My brother was just on the other side of the door. I heard him breathing deeply, as if catching his wind after mild exertion. I waited for him to appear, but he didn’t move. After a moment I turned away as if I’d forgotten something and walked back toward the courtroom.
I was sitting in the conference room when Teddy came in a moment later, looking calm and composed, as if he and Car had just been having a quick strategy consultation. He sat next to me, pulled a binder toward him, and began taking out documents he thought would be useful in his cross-examination of Lorlee. He was about to confront her with the fact that she’d supposedly told her best friend, Sharla, who happened to be sleeping with Ellis, that she’d fabricated the rape charges to get custody of the children.
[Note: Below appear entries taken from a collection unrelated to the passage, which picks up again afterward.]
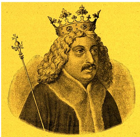
Český král Jiří z Poděbrad

Šestý lednový den přinesl svátek Zjevení Páně, který dnes nazýváme svátek Tří králů. Podle původní legendy se jednalo o tři mudrce, jež se přišli poklonit Ježíškovi a zároveň mu přinesli dary. Tento den patřil koledě v maskách, kdy koledníci od 15. století psávali svěcenou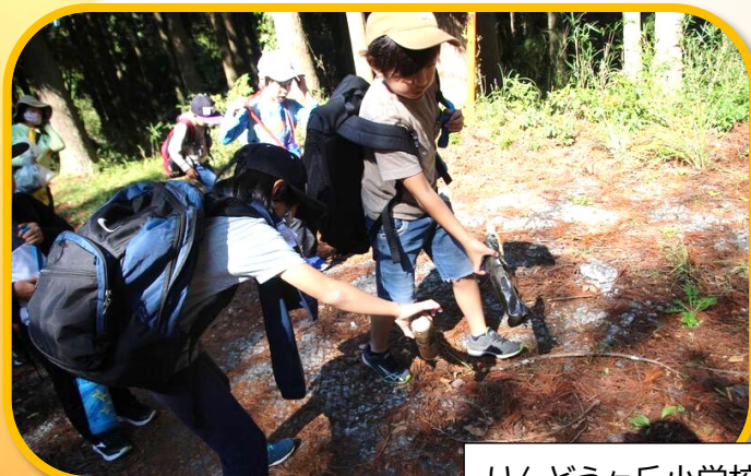
りんどうヶ丘小学校(R4.10/14 活動)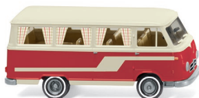
0270 45 Borgward Campingbus B611 UVP 12,99 €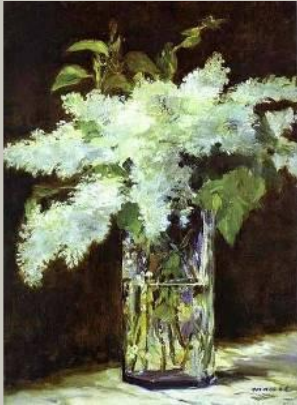
Э.Мане «Сирень в стекле»

Импрессионизм – направление в искусстве последней трети 19 – начала 20 века, представители которого стремились наиболее естественно и непредвзято запечатлеть мир в его подвижности и изменчивости, передавать свои мимолетные впечатления. Наиболее известные французские импрессионисты Эдуард Мане, Огюст Ренуар. Среди русских живописцев - К.А. Коровин, И.Э.Грабарь.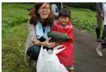
(おかあさんといっしょに 収穫を楽しんだわたし)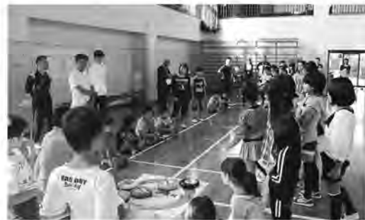
見慣れないゲームに興味津々

下田川地区子ども会育成連絡協議会主催の「下田川子ども会親善スポーツ大会」が、下田川ライオンスクラブ・糸田町教育委員会・福智町教育委員会の後援で、9月23日に開催されました。毎年おこなわれている糸田町と福智町の交流行事で、本年度はニュースポーツのカーリングを町民体育館でおこないました。糸田町からは4地区11チーム行越・西部・桃山・北区)が参加。体育館中に歓声が響き渡り、大変盛り上がる試合となりました。また、初めて会った福智町の子どもたちと仲良くカーリングを楽しんでいる姿がとても印象的でした。結果は次のとおりです。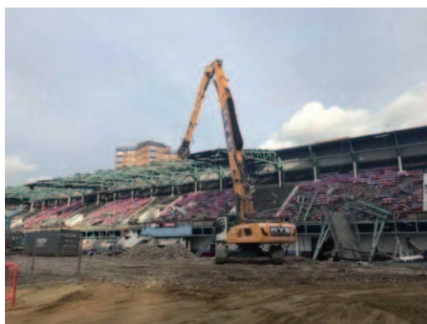
De sloperskogel doet zijn werk, de ontmanteling van Upton Park.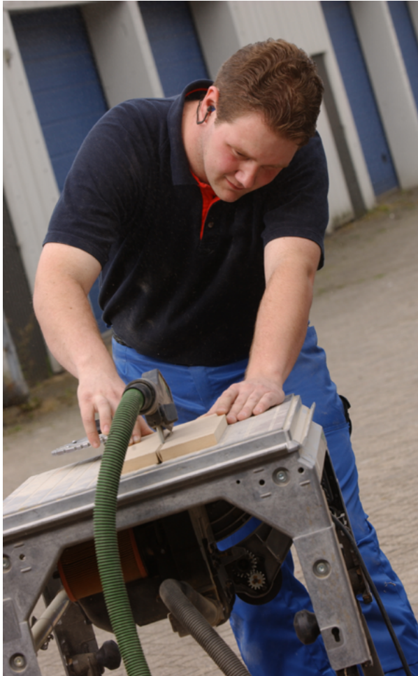
Cirkelzaag met boven- en onderafzuiging

Kwetsbare delen van de machine moeten van de verontreinigde luchtstroom worden afgeschermd. Stof in kwetsbare delen van de machine verkort de levensduur; daarbij komt het stof bij het schoonmaken weer vrij.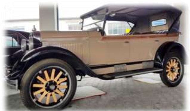
Oldtimer Autohaus Smit mit Schucu Werkstattmatte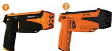
1. Spark DSK 700 2. Spark DSK 710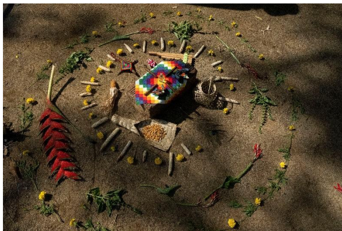
Figura 14. Espiral de ritual de siembra y conexión con la huerta y el territorio

En esa medida, nuestro lugar de enunciación se ubica desde la comprensión de una temporalidad en transformación que implica volver al futuro para tejer la memoria del territorio, es decir, mirar atrás para tejer algunos trozos de nuestra ancestralidad borrada permitiendo que emerjan trazos de las fuerzas vitales que nos conectan con la defensa, cuidado y liberación de la Sagrada Tierra, los pueblos y los animales.

When we went back into the courtroom it was the Wild West. Sharla, Teddy’s only witness, fell apart under the DA’s cross, coming across as a skank and a sneak and a liar, and Teddy accused Lorlee of lying when he recalled her for questioning, after Sharla testified about the phone conversations in which Lorlee admitted to fabricating the rape story. “So you told nothing but the truth in your testimony here,” he said, then reminded Lorlee of her oath, asking if she understood that perjury was a crime. Then he went into her reasons to lie, the divorce she and Ellis were going through, her admitted desire to deny him custody of their children.
It was a pretty typical case, so I didn’t think anymore about what happened or didn’t happen in the stairwell until my brother was lying in the hospital with a hole in his head.